RECORD EXCERPTS.
*** Begin section ***

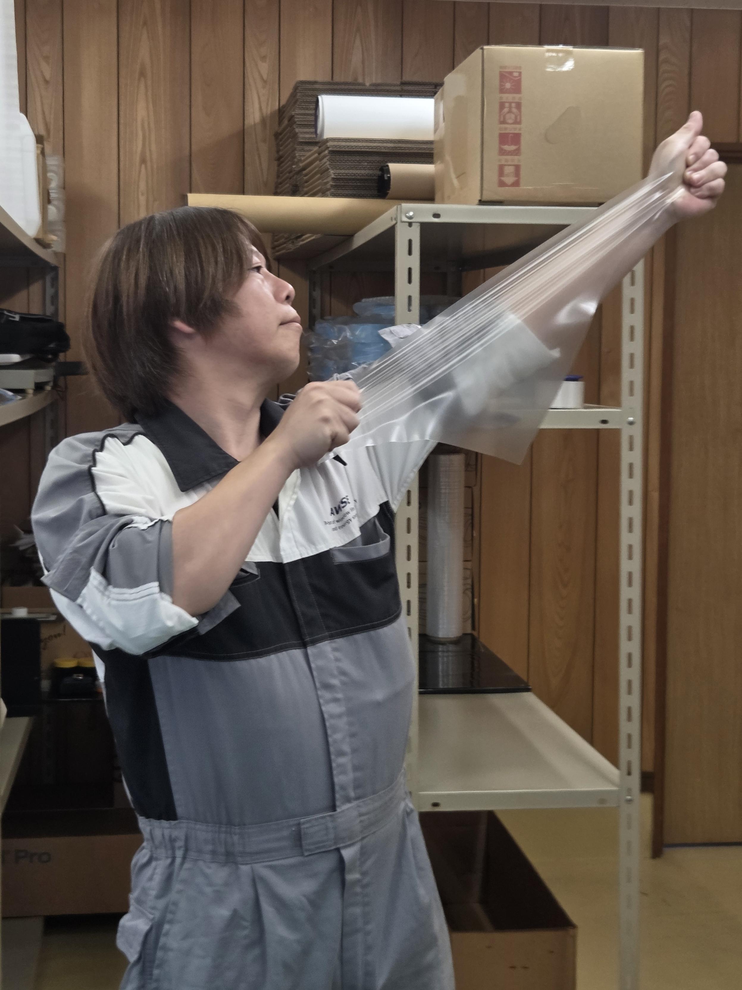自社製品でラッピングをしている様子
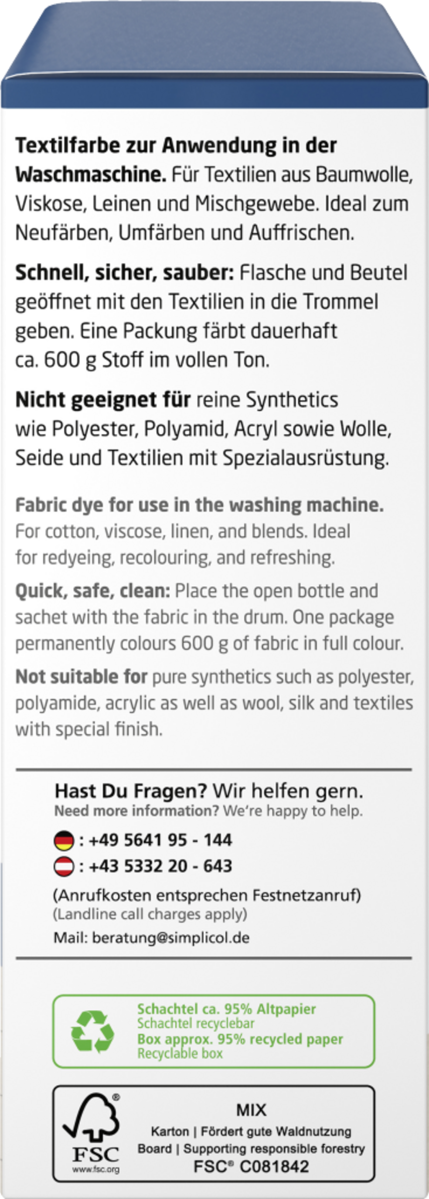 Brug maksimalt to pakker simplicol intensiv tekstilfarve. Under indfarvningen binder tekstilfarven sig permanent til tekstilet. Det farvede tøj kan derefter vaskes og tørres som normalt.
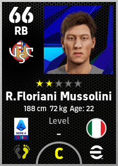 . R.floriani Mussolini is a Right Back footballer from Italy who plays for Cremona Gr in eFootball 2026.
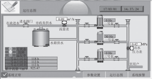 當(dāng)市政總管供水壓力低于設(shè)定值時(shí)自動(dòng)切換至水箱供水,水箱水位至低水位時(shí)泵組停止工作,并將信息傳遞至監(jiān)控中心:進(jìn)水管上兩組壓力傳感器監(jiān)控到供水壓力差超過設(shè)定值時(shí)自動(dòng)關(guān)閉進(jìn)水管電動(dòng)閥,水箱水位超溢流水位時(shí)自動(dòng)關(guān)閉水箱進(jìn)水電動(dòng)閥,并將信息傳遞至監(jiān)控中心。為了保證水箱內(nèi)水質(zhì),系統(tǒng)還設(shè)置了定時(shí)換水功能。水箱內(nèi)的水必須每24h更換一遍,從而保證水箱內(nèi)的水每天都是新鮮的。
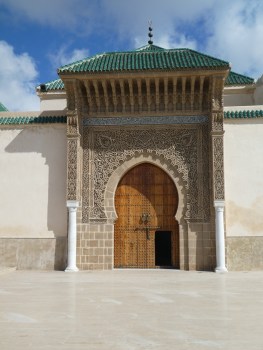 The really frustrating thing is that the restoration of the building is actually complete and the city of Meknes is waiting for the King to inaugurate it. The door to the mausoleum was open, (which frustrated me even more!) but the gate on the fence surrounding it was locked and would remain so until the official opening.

*** End section ***
*** Begin section ***

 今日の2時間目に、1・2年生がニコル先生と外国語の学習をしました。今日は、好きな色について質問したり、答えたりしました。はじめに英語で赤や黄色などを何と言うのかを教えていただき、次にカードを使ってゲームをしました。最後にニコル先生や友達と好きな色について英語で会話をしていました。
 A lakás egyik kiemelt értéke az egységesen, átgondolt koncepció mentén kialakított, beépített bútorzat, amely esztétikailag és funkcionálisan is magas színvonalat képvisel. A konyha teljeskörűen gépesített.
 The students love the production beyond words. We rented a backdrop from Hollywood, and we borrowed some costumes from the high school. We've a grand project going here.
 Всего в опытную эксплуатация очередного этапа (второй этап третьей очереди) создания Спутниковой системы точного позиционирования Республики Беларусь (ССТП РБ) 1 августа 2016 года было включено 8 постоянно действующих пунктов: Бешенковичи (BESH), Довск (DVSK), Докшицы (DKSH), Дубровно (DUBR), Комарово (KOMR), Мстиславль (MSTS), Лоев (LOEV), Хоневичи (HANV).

*** End section ***

GOAL OF THE EXERCISE. Out of the listing above, reproduce exactly the lines from the one with "今日の2時間目に、1・2年生" up to and including the one with "The students love".

EXERCISE ANSWER.
 今日の2時間目に、1・2年生がニコル先生と外国語の学習をしました。今日は、好きな色について質問したり、答えたりしました。はじめに英語で赤や黄色などを何と言うのかを教えていただき、次にカードを使ってゲームをしました。最後にニコル先生や友達と好きな色について英語で会話をしていました。
 A lakás egyik kiemelt értéke az egységesen, átgondolt koncepció mentén kialakított, beépített bútorzat, amely esztétikailag és funkcionálisan is magas színvonalat képvisel. A konyha teljeskörűen gépesített.
 The students love the production beyond words. We rented a backdrop from Hollywood, and we borrowed some costumes from the high school. We've a grand project going here.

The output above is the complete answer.